# NS SL-R vs Hero



## Guest (Feb 27, 2009)

hero rules end of story....


----------



## Guest (Feb 27, 2009)

falconis said:


> hero rules end of story....


Werd to big bird. Honestly the hero is phenomenal. My brother got one and I was pretty skeptical, but as soon as I tried it I was a believer, it truly is an all mountain board.I was so impressed that I didn't want to go boarding with a cambered board anymore and I pretty much ordered one within that week


----------



## jmacphee9 (Nov 11, 2008)

i would also go with the hero. it may not be suited for you because its an all mt.freestyle deck, but it is one of the most fun boards you can strap into.


----------



## arsenic0 (Nov 11, 2008)

I vote SL-R

Theres a pretty good review thread about it on the Sierrasnowboard forums
SierraSnowboard.com - Review: Never Summer SL-R


----------



## Triple8Sol (Nov 24, 2008)

You're talking about the Burton Hero, not the Bataleon Hero, right?
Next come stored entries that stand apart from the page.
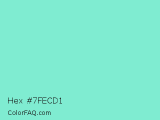 Hex #7fecd1 Color is a light cyan color and the nearest color is Riptide #8be6d8. Hex code #7fecd1 and RGB value is rgb(127,236,209). In RGB color space, this color is composed of 50% red, 93% green, 82% blue, In CMYK color space, this color is composed of 46% cyan, 0% magenta, 11% yellow , 7% black , In HSL color space, this color has a hue angle of 165° , 74% saturation and 71% lightness.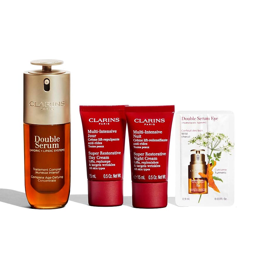 Det genopbyggende hudplejesæt til hud, der er svækket af aldersrelaterede hormonelle forandringer: den ikoniske Double Serum med 27 planteekstrakter og en duo af genopbyggende og udglattende anti-ageing dag- og natcremer med harungana ekstrakt.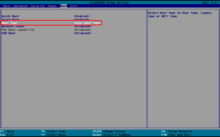 Using the arrow keys, move to the Boot tab. You will find Boot Type set to <Dual Boot Type>.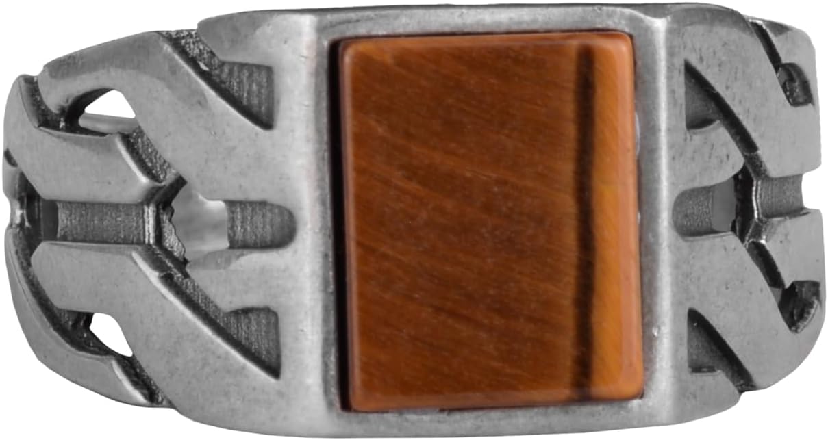 Sterling Gümüş Yunan Anahtar Yüzük - Doğal Olmayan Kaplan Göz Taşı ile El Yapımı Yüzük, Aslan Burcu için Cesaret ve Odaklanma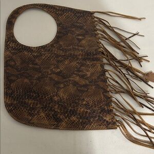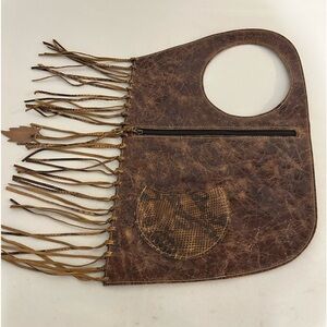 Mixed embossed leather artisan made fringed bag. One of a kind bespoke. This is a“ flat “ bag with one mid zip pocket and lower 3/4 moon outer pocket. Excellent condition.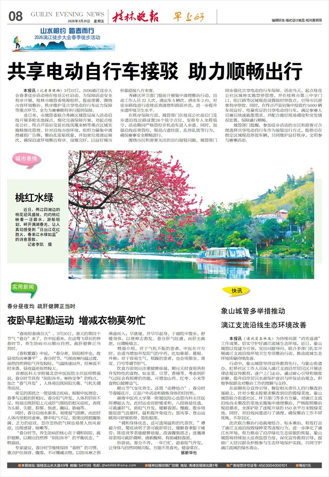共享电动自行车接驳 助力顺畅出行   本报讯(记者唐健扬)3月22日,2026漓江徒步大会春季徒步活动将在桂花公社启动。为保障活动安全有序开展,桂林市城管委统筹组织、提前部署,围绕市容环境整治、秩序维护及共享电动自行车运力保障等重点环节,全力为赛事顺利举行提供保障。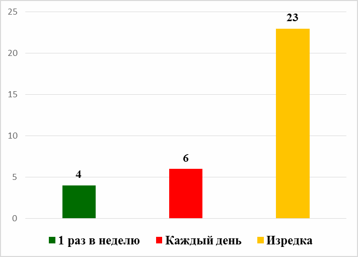 Диаграмма 6 отображает регулярность употребления энергетических напитков воспитанниками Центра. Распределение ответов участников анкетирования таково:

If so, go with the Sl-R!!


----------



## Nivek (Jan 24, 2008)

Hero, or its getting torwards the end of the season and honestly I think that putting-v rocker on the Custom for next year might rejuvinate the legend. So maybe think about waiting till then and get the Custom Rocker.


----------



## Guest (Mar 1, 2009)

or get the hero for $215, I posted the link


----------



## JD808 (Feb 27, 2009)

Yeah I was thinking about waiting till next year and the custom v. I had fun on the Hero but like I said was a little light and soft for the faster stuff. Especially if it was chopped up. 
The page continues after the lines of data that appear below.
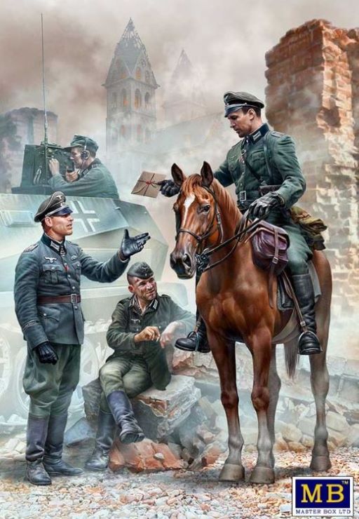 Master Box Models 35212 1/35 Urgent Dispatch WWII German Military Men (4) & Horse. This is a model kit. Assembly, painting, and detailing required. This is a genuine Master Box Models product.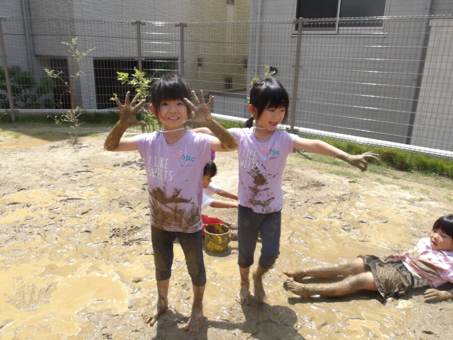 水の気持ちよさを感じながら手や足、全身でたくさん泥を感じて満喫していましたよ![]()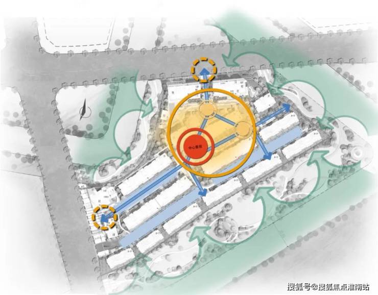 项目总体布局体现为“一环、两轴、三围合”的设计构思。一环”是指连接小区主次入口的主环道以及形成小区中央的大花园,“两轴”是指贯穿小区东西和南北两条相交的主要景观轴线,“三围合”是指小区南侧有50米城市绿化带,东侧和北侧均有20米城市绿化带,三面均被景观绿化带和东侧的长山直河、南侧的官河,北侧的郎家浜河所环绕,自然景观俱佳。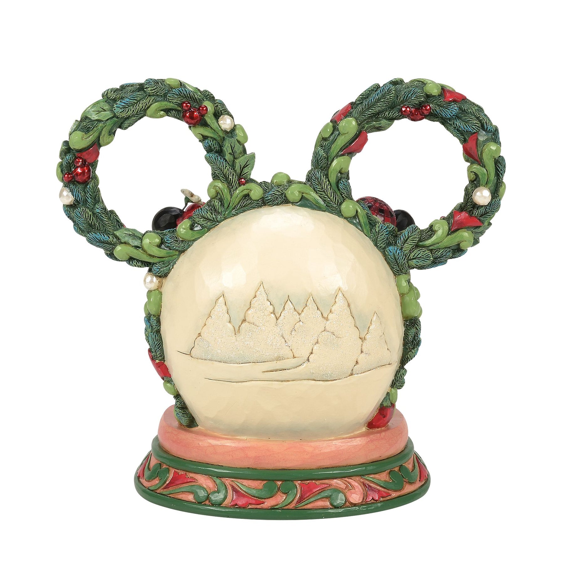 This delightful Jim Shore Christmas scene captures Mickey and Minnie holding hands beneath a glowing LED diorama, framed by a festive Mickey-shaped garland adorned with berries and pearl accents. It radiates seasonal magic with holiday charm.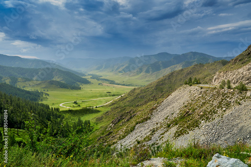 Fototapeta premium thunderclouds on a mountain pass. view from the mountain pass to the winding...
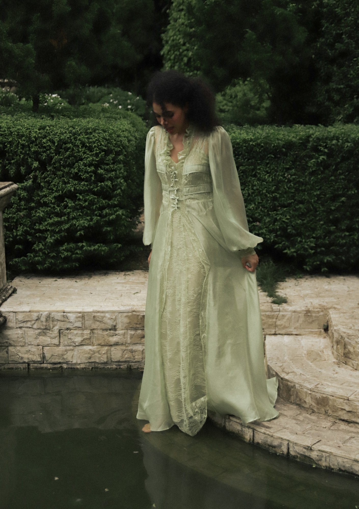 Chất liệu: Lụa mint mềm mịn kết hợp chiffon trong suốt và ren cao cấp.
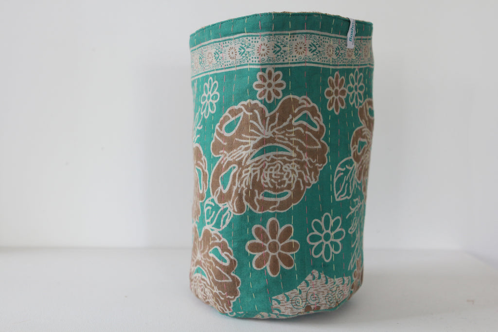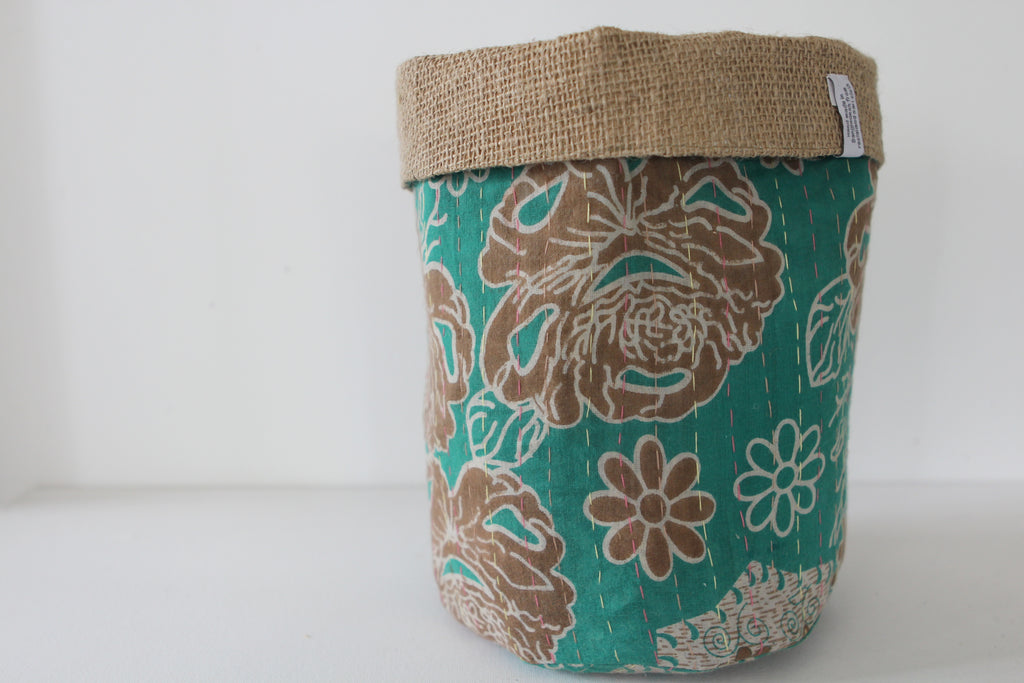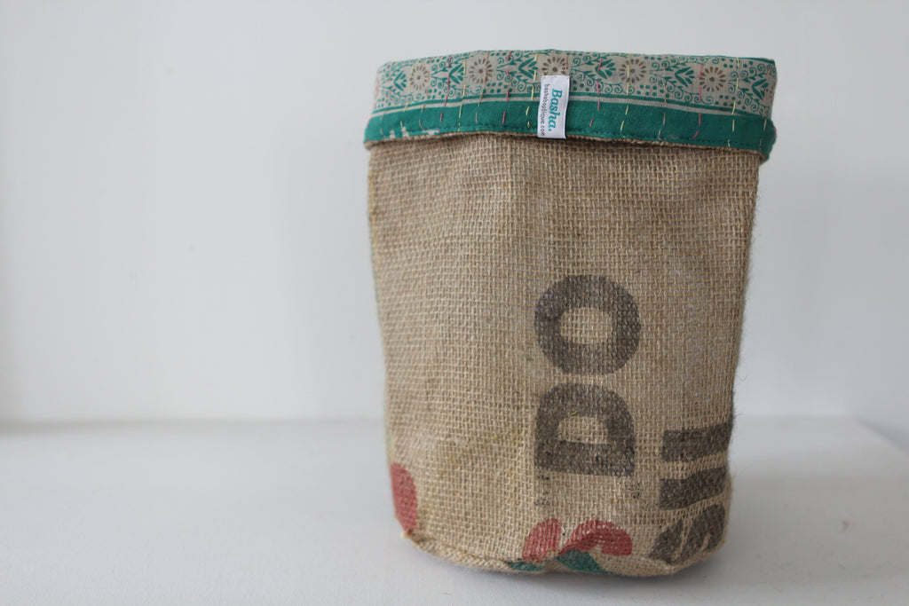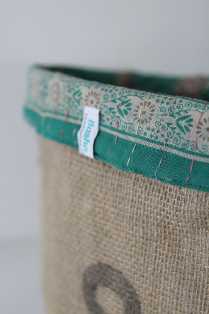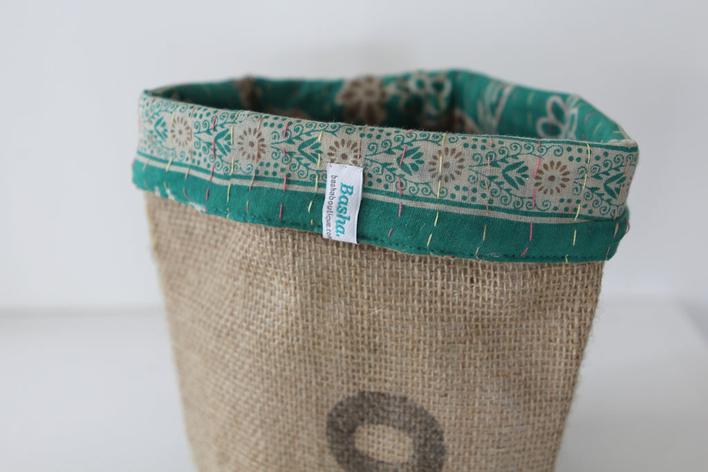This fun reversible basket is made with an old coffee jute bag and lined with beautiful recycled sari kantha fabric. It's perfect for storing items around your home, great for kitchen or bathroom items, desk bits, a lovely plant, or a bottle of something special.

I live in Hawaii and only get about 15 days a year so I need just one board that can best fit my style. I would say bout 75% freeride and powder, just started messin around with freestyle stuff and buttering and maybe 5% in the parks. Most of the jumps are natural ones with a few small to medium stuff thrown in. Being a surfer I really like the feel of the rocker boards.

I just wanted to get an idea of the differences between the two boards from someone who has tried both. Thanks for the help guys.


----------



## arsenic0 (Nov 11, 2008)

Not many here will be able to fill that role...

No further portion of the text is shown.